False-positive rates for the fixed effect of x (alpha = .05):
 
    Random intercepts only: 0.242 
    Random intercepts and random slopes: 0.051

Show code

When there was true heterogeneity in the effect of x between clusters, estimating models with only random slopes resulted in drastically underestimated standard errors.

Barr et al. advise “includ[ing] the maximal random effects structure justified by the design.” Practical advice relevant to this case comes from Gelman, who has pointed out that omitting terms (e.g., a random effect, an interaction of fixed effects) is still taking a position on them: It’s fixing them to zero. Our task is to determine if that is actually reasonable.
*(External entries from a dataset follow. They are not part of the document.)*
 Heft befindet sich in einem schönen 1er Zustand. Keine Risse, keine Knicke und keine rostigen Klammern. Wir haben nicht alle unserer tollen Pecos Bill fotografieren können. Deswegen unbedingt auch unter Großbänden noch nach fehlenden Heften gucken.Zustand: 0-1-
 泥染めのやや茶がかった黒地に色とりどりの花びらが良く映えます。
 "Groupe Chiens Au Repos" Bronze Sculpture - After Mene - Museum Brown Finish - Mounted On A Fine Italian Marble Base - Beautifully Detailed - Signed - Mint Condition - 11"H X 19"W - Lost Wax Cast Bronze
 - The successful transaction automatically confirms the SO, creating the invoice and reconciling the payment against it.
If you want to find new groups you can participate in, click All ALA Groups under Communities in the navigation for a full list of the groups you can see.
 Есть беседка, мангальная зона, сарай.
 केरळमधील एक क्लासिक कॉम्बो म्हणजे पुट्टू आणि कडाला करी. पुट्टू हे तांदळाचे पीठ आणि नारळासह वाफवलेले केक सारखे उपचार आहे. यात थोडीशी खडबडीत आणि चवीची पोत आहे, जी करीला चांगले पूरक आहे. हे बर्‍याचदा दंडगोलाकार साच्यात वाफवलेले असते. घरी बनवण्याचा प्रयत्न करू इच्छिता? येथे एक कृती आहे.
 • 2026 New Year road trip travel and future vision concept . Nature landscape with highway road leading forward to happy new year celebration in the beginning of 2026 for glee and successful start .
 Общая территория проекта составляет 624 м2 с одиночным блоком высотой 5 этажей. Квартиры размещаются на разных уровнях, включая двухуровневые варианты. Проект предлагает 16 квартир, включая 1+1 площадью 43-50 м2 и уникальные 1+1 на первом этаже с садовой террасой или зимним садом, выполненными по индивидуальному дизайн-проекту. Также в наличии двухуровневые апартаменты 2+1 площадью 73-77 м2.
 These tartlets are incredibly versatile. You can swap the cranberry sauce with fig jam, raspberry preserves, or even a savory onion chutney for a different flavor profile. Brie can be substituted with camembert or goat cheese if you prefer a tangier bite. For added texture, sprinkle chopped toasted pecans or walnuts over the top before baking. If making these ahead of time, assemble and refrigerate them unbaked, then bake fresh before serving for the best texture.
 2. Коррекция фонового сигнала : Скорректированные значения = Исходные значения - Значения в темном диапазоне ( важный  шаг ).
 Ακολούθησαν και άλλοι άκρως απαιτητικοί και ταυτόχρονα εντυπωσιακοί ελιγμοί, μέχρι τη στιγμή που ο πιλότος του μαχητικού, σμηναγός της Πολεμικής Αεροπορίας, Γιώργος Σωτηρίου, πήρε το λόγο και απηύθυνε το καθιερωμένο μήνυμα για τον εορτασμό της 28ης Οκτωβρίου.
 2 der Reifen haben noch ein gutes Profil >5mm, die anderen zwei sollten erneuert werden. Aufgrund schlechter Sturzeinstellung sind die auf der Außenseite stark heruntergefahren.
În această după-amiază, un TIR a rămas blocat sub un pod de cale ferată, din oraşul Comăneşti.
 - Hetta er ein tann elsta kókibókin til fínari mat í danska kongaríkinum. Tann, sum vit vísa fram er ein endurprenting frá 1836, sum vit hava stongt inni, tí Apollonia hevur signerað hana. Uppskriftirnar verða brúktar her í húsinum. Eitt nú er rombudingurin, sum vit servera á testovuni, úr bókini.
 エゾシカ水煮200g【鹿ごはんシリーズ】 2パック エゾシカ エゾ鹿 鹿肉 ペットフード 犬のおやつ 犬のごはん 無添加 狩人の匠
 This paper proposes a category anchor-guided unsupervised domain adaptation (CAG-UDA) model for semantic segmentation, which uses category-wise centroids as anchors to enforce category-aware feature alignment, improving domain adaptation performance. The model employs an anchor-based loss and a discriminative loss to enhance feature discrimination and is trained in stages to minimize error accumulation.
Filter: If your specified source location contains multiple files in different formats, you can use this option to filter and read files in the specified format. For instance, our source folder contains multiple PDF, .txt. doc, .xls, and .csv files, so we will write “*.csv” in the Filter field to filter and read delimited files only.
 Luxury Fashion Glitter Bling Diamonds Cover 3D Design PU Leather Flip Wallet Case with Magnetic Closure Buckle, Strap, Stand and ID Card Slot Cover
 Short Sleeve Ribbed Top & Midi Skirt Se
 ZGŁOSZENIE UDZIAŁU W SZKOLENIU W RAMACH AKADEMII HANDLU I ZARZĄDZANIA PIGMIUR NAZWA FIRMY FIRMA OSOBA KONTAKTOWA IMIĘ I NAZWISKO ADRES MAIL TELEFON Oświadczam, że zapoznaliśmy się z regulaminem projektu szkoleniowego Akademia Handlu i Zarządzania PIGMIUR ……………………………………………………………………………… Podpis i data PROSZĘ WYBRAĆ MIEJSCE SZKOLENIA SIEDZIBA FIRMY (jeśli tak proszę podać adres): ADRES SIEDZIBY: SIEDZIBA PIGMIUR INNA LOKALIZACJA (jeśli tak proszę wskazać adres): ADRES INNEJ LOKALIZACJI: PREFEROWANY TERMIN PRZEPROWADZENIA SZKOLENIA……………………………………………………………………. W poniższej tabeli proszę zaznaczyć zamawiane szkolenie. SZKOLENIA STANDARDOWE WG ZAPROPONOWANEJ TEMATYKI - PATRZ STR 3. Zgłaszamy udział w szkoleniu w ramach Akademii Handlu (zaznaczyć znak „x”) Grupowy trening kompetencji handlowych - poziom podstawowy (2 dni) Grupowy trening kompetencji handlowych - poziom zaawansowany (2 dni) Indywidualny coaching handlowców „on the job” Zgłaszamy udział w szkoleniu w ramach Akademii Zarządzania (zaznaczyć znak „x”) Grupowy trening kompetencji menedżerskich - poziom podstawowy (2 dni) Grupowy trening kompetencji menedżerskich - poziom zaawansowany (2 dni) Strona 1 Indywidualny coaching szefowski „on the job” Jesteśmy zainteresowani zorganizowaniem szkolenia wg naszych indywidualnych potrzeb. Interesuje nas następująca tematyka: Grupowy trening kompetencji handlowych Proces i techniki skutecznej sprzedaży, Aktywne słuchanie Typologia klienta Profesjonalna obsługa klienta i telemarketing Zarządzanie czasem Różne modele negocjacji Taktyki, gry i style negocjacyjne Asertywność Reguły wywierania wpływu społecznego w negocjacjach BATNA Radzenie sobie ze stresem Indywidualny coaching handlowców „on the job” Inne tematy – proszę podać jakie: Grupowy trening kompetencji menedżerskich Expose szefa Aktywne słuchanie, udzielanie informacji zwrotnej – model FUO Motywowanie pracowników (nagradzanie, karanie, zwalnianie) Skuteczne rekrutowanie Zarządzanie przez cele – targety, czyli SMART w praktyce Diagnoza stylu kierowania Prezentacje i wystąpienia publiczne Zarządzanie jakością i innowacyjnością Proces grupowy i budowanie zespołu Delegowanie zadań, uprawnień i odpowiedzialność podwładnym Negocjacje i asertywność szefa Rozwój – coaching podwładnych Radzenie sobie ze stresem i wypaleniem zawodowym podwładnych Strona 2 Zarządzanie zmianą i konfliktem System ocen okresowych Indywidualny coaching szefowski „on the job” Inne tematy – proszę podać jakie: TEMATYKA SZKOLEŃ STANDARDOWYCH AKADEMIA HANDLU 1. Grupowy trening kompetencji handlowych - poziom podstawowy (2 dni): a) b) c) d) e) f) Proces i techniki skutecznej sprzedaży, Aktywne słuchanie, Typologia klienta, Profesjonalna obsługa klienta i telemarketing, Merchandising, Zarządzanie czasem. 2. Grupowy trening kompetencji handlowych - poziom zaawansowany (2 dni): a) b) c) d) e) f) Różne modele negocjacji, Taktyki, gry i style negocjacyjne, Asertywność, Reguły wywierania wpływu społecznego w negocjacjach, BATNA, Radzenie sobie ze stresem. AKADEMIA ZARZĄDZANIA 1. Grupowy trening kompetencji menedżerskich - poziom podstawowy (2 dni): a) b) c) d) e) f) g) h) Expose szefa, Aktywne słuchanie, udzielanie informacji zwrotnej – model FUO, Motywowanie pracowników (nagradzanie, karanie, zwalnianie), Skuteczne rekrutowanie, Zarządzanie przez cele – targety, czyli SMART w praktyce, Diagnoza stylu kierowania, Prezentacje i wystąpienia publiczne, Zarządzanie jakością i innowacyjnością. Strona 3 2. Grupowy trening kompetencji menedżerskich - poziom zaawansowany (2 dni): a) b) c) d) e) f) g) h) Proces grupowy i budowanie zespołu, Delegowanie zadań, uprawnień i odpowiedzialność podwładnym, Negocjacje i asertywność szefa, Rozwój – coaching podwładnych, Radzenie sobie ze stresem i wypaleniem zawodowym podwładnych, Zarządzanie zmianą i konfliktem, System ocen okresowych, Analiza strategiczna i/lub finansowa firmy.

Schielzeth and Forstmeier (2009) described this problem and made a helpful distinction between models targeting predictors that vary between-cluster versus models targeting predictors that vary within-cluster:

…in a study of differential allocation, [female zebra finches] are paired experimentally to either attractive or unattractive [male zebra finches (Bolund et al., 2009)]. They are allowed to produce a clutch, and egg sizes are measured for all eggs. When the interest is to estimate the effect of the treatment (attractive vs. unattractive male) on mean egg size, it is sufficient to include individual-specific random intercept effects, that is, allowing females to differ in their mean egg sizes and hence intercepts. This will effectively control for the nonindependence of eggs coming from the same female when the factor of interest, the treatment, is applied to some of the females. However, many studies also focused on how the treatment affects the patterns of female investment over the laying sequence within a clutch. In this case, a model that controls for individual-specific intercepts only, but not for individual-specific slopes of investment (of egg size over the laying sequence), will greatly underestimate the P value of 1) the slope main effect and 2) the treatment by laying order interaction, leading to many false-positive findings.